I need some help regarding scrutiny I had a controller fail which I think was related to this information here LSI9305vs9300 hardware I believe that I may need to update my 9305-24i firmware to the latest version as indicated.
In the meantime I have replaced the card with a spare but… I can not clear the failure data from scrutiny, its not that the disks failed, it was the controller and now on the new controller they have passed a script and a zpool status shows them as being perfectly fine.
I tried removing scrutiny and the associated database system through the Apps section but it still seemed to keep the data when I re installed scrutiny.. What do i do? BTW drives also pass with smartctl.

Should have mentioned 25.10.0 Goldeye

Additional I have just found out scrutiny is reporting incorrect values for my Seagate EXOS drives, see this link for details https://www.disktuna.com/seagate-raw-smart-attributes-to-error-convertertest/#4295032833
Im not suffering 8 billion plus command timeouts I have had 2 in 131072 odd reads due to a controller failure - I have reported this bug to the scrutiny dev team.

Incidently scrutiny needs a button that records a new baseline for the drives so it can actually be useful at the moment it is saying these drives have exceeded there failure thresh hold when my understanding is they have not.

Last I heard, Scrutiny is unmaintained. It was a point of concern with the recent discussions about TrueNAS removing SMART checks and telling users to just install Scrutiny.

1 Like

Hello,
Just for information :
I’ve issues with Seagate ST8000VN0 : Command Timeout so scrutiny is not usable!

Best regards
Ronald

1 Like

Hello,
some more informations : it seems the file : /var/lib/smartmontools/drivedb/drivedb.h doesn’t have the right version; the command /usr/sbin/update-smart-drivedb --no-verify is able to update it (changing the 188 command timeout for drives having the issue, etc)… but it’s not done at scrutiny startup.

Best regards

Hello,

some more:
with the updated drivedb.h (with update-smart-drivedb --no-verify
), I made:
“docker commit” to obtain a new image with the right drivedb.h
inject it inside yaml
start the modified app
modified the scrutiny database (from the host)
sqlite3 /opt/scrutiny/config/scrutiny.db
UPDATE devices SET device_status = null;
.exit

smartctl -a my seagate returns :
188 Command_Timeout 0x0032 100 099 000 Old_age Always - 1 1 1

Now I’m waiting for next scans to check what happends (?)

Best regards
Ronald

… this is the end (?)

inside the container to start a scan:

/opt/scrutiny/bin/scrutiny-collector-metrics run

and it works almost fine : command timeout = 1 (passed). :grinning_face:

Best regards
Ronald

@ronald The scrutiny author halted his own development efforts because he considers scrutiny to be feature complete. But he still does accept pull requests.

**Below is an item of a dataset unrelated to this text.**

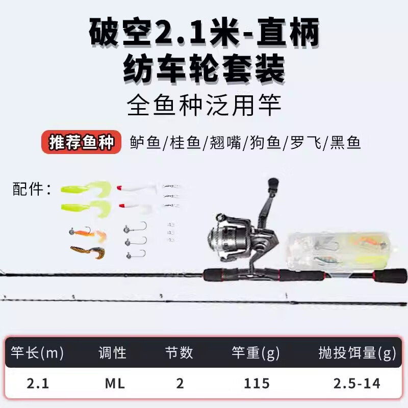 迪卡侬碳素路亚竿纺车轮海钓鱼竿 2.1m 单竿含渔轮+赠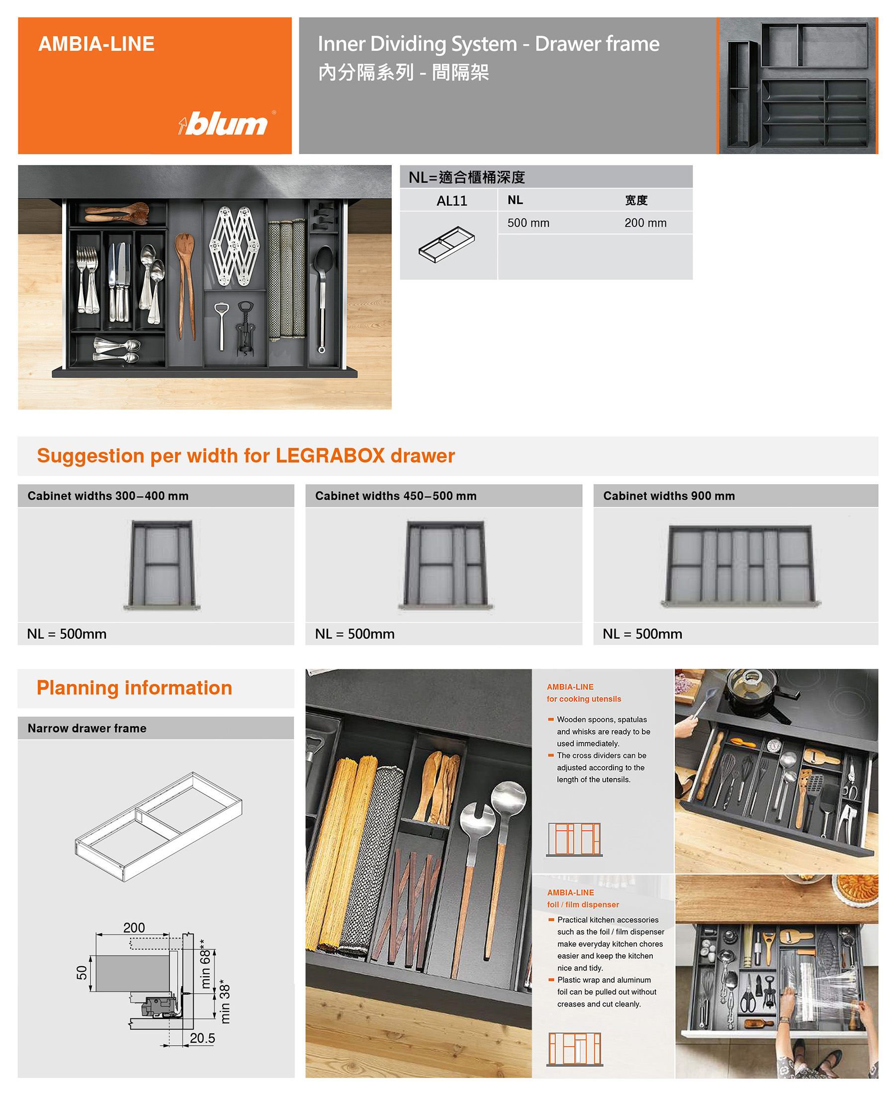 主頁五金配件(Hardware)櫃桶路軌"金屬"側板櫃桶路軌AMBIA-LINE 內分隔系列 AL11 - 200mm Drawer frame (間隔架) - 500mm

So maybe you could provide a patch and submit it?

Kind regards,
Patrick

Feature complete… I don’t think so, at minimum it needs a button to say hey there was a problem but it wasnt with the disks something else caused it please update yourself to only report changes over and above this, otherwise scrutiny once triggered by something not disk related I.E a controller failure becomes useless as its reporting failed all the time.

I am not the person with whom to debate this. I just wanted to mention that minor improvements and fixes are still accepted and merged.
I am confident you could implement this button and have it included. That’s how open source works.

1 Like